Xcomp = design matrix for complete data

Xsimp = array with design matrices for imputed data

alpha = intercept parameter

beta = vector of regression weights

sigma = regression error

the crucial part of the model specification would be:

Y ~ normal( Xcomp * beta, sigma)

Ycomp ~ normal(Xsimp [k] * beta, sigma) // where k is a random number

It seems to me, this would be more efficient than running multiple stan models on different imputed data sets, when only (in my case) ca. 25% of the cases would differ between imputed data sets. Does this make sense?

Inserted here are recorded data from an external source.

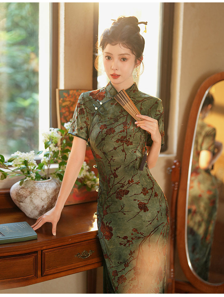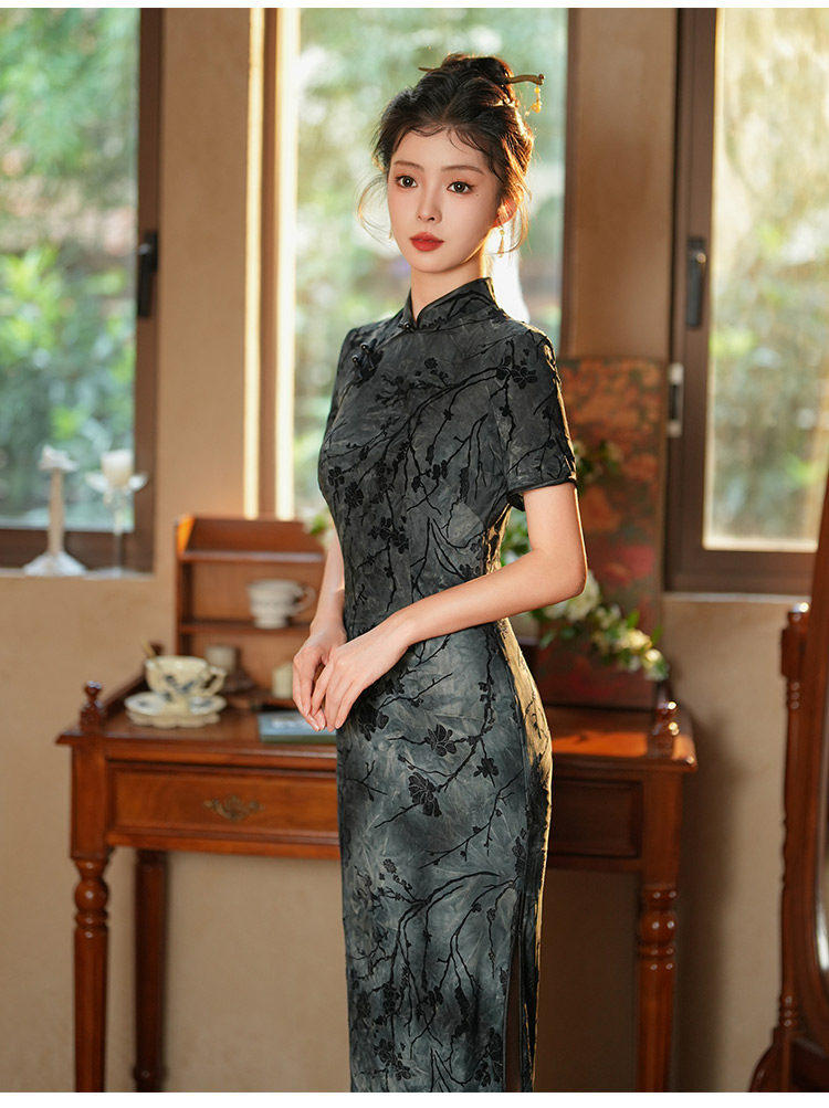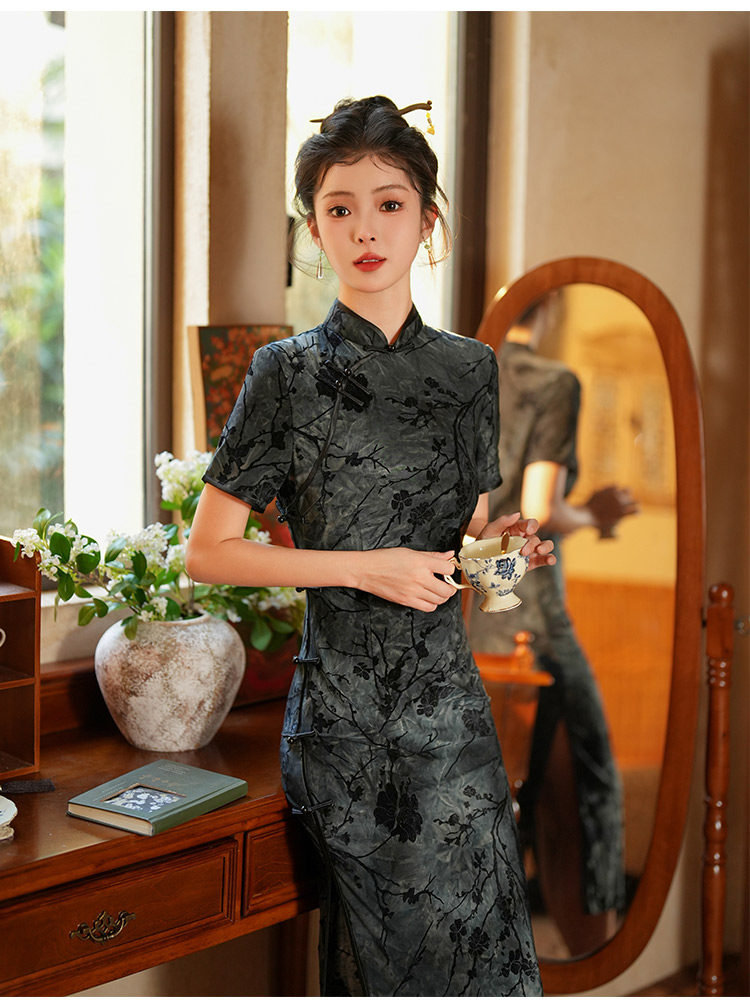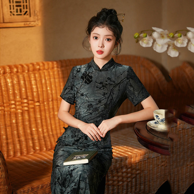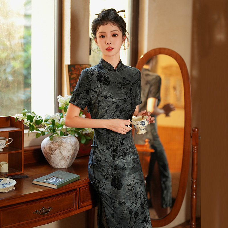 Длинное легкое ципао, ретро элитный ростомер, светлый стиль, китайский стиль
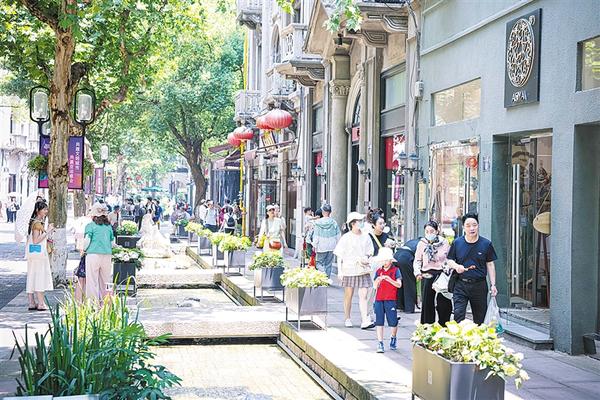 游客在南宋御街步行街游玩(6月10日摄)。
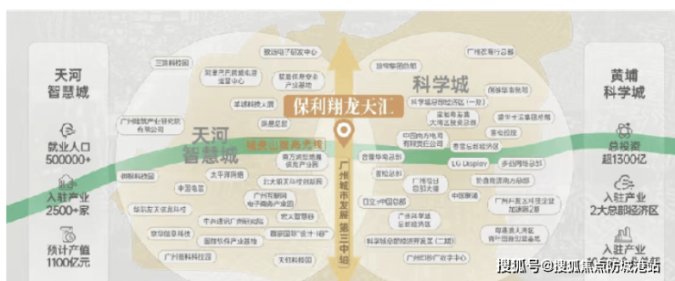 保利翔龙天汇地处广州第三发展中轴线“科技创新轴”,位于天河智慧城与黄埔科学城双城交汇之地,是湾区创新政策的重要承载点。天河智慧城作为广州“最强大脑”,以4倍珠江新城的投资力度打造,已吸引2500家企业进驻,包括网易总部、酷狗等科创龙头;黄埔科学城则是广深科技创新走廊的“创新极”,战略性新兴产业产值占全市50%以上,科技创新能力全国经开区第一。
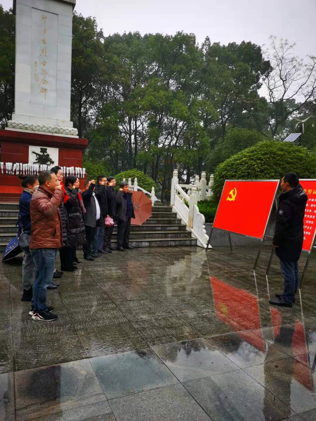 全体党员参观了英雄事迹陈列馆和纪念碑,11位党员冒雨在纪念碑前重温了入党誓词, 铿锵有力的宣誓声,震落了枝叶上的雨滴,也深深的敲打着每个人的心,大家都更加坚定了共产主义信念和为人民、为国家奉献一切的决心。
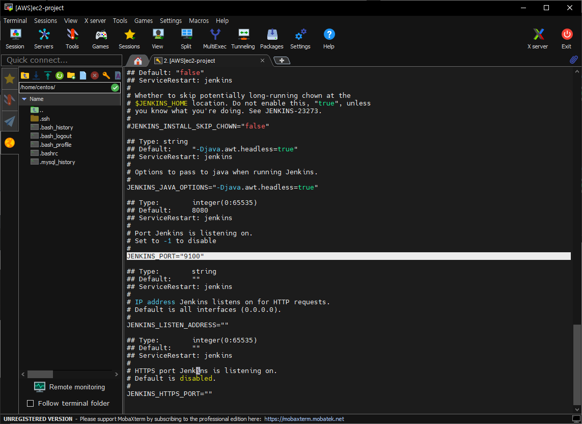 명령어 =====> vi /etc/sysconfig/jenkins 입력 후
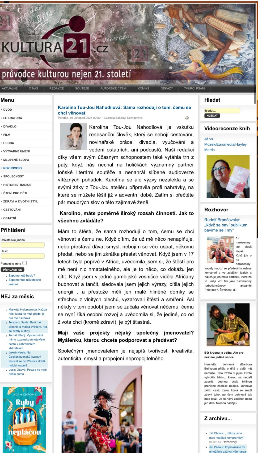 Tanečnice a performerka africké skupiny BaToCu (12 let) pod vedením Moniky Rebcové
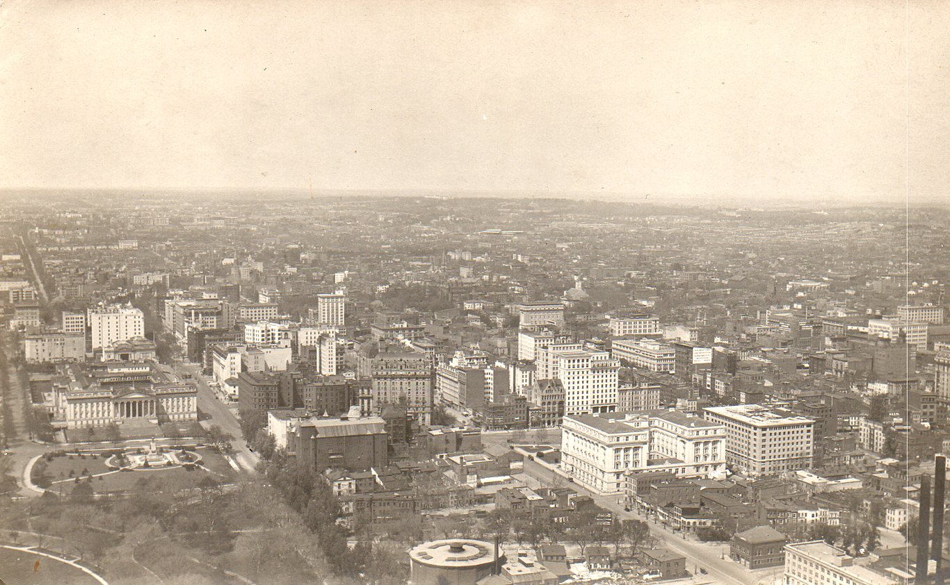 Original Panorama-Style Montage View of Washington, D.C., ca. 1914. These images were taken from the Washington Monument, and perform nearly a 360-degree perspective of the city. The major and obvious clue for the date of these photos is the Lincoln Memorial--rather, where the Lincoln Memorial would be. Photo #2 shows the beginning of construction, which began in 1914 and which would take until 1922 to complete. Each is 80x135mm, or 80x1145 mm all together, or 3.25" x 38.5" (actually, about 30" long once overlap is considered).
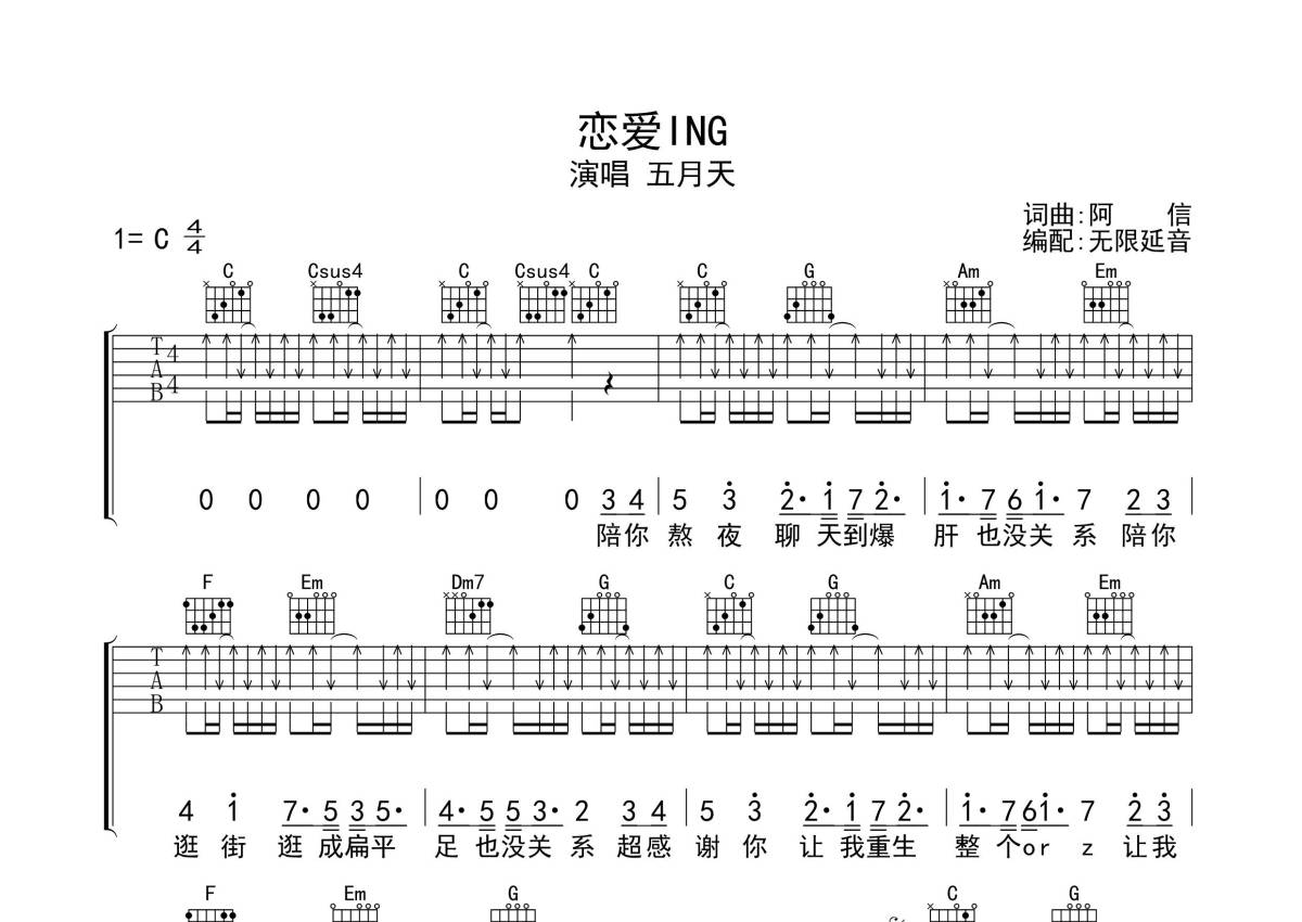 五月天《恋爱ING》吉他谱 - C调弹唱六线谱
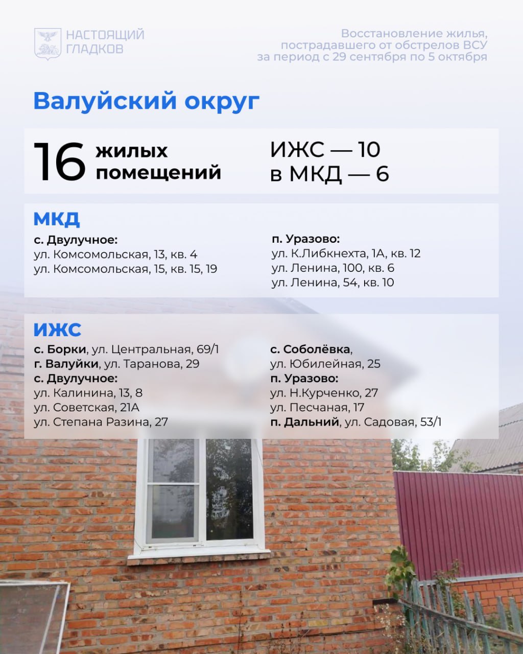 В Валуйском округе восстановили 16 частных домов и квартир, повреждены – 12. Выплачена компенсация по десяти авто.

If yes, the problem to solve would be to get the random number k. in stan, random numbers can only be generated in the “generated quantities block”. Hence, would this (I fear) trick work:

First I specify a parameter _k with an (implicit) uniform prior in the parameters block:

real<lower=0,upper=impN> real_k; // impN = number of versions of imputed data

Then I convert it to an integer in the model block (following a proposal from Bob in another post):

int k;

k <- 1;

while ((k + 1) < floor(real_k))

k <- k + 1;

I have a bad feeling about specifying a parameter that will be updated even though it has no influence on the likelihood (I don’t know enough about the sampler to know if this is problematic ), but I don’t have a better solution at the moment.

Sorry for the long post.

Looking forward to you feedback

Guido

*The data set includes for example children’s birth weight and their mothers’ response to questions about smoking. Not surprisingly, mothers who did not provide smoking information have on average lighter children.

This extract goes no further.